LAGOS, Nov 30 (AFP) - People living with HIV/AIDS in Nigeria urgently need better access to anti-retroviral treatment, the international medical aid group Medecins Sans Frontieres (MSF - Doctors Without Borders) - said Tuesday.
Africa's most populous country of 130 million people started the administration of anti-retroviral ARV drugs on some 10,000 of its some four million people living with HIV/AIDS, in December 2001 at some designated centres across the country.
The MSF country head Sebastian Weber said in a statement sent to AFP ahead of World AIDS Day that the agency welcomed the governments plans to expand the HIV/AIDS treatment.
But he underlined that "just handing out drugs is not enough to save lives. Any programme that does not succeed in helping patients adhere to the strict treatment regimen is condemned to fail".
High dropout rates will lead to drug resistance and result in a public health disaster, he said.
Alongside the actual treatment with anti-retroviral drugs the MSF programme includes components such as voluntary counselling and testing, adherence to treatment support, treatment of opportunistic infections, improved nursing care, as well as social and psychological patient support.

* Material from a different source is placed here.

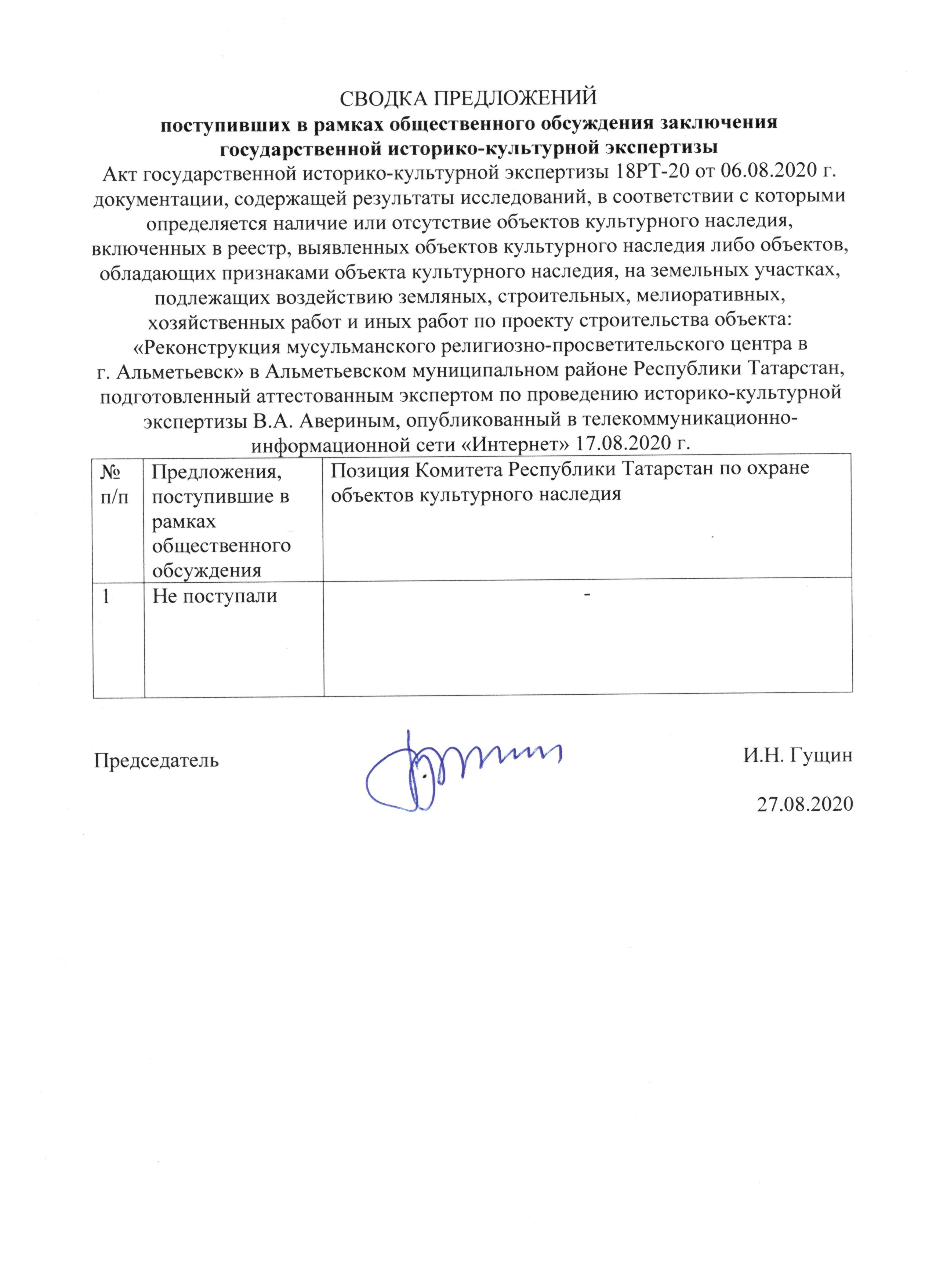 АКТ государственной историко-культурной экспертизы 18РТ-20 от 06. 08. 2020 г. документации, содержащей результаты исследований, в соответствии с которыми определяется наличие или отсутствие объектов культурного наследия, включенных в реестр, выявленных объектов культурного наследия либо объектов, обладающих признаками объекта культурного наследия, на земельных участках, подлежащих воздействию земляных, строительных, мелиоративных, хозяйственных работ и иных работ по проекту строительства объекта: «Реконструкция мусульманского религиозно-просветительского центра в г. Альметьевск» в Альметьевском муниципальном районе Республики Татарстан

"The use of generic anti-retroviral drugs is the key to treatment expansion. While being of the same quality as brand drugs, most generic anti-retrovirals cost less than half the price of brand drugs," he said.
"Moreover, only generic drugs are available in the form of so-called fixed-dose-combinations easy-to-use pills containing three anti-retroviral drugs in one tablet," he said.
"Only generic quality drugs guarantee that life-prolonging AIDS treatment can be provided as simply as possible to as many Nigerians as possible," Weber added.
"On the occasion of World AIDS Day MSF together with General Hospital Lagos presents a pioneer HIV/AIDS treatment programme," he said, adding that the programme could be a model for treatment programmes to be established in the country.
"The programme can serve as a model of best practice for Nigeria," Weber said.
In Lagos, MSF started treating HIV patients with anti-retroviral drugs in August 2004. Worldwide, MSF is providing antiretroviral treatment to over 23,000 people in a total of 27 countries.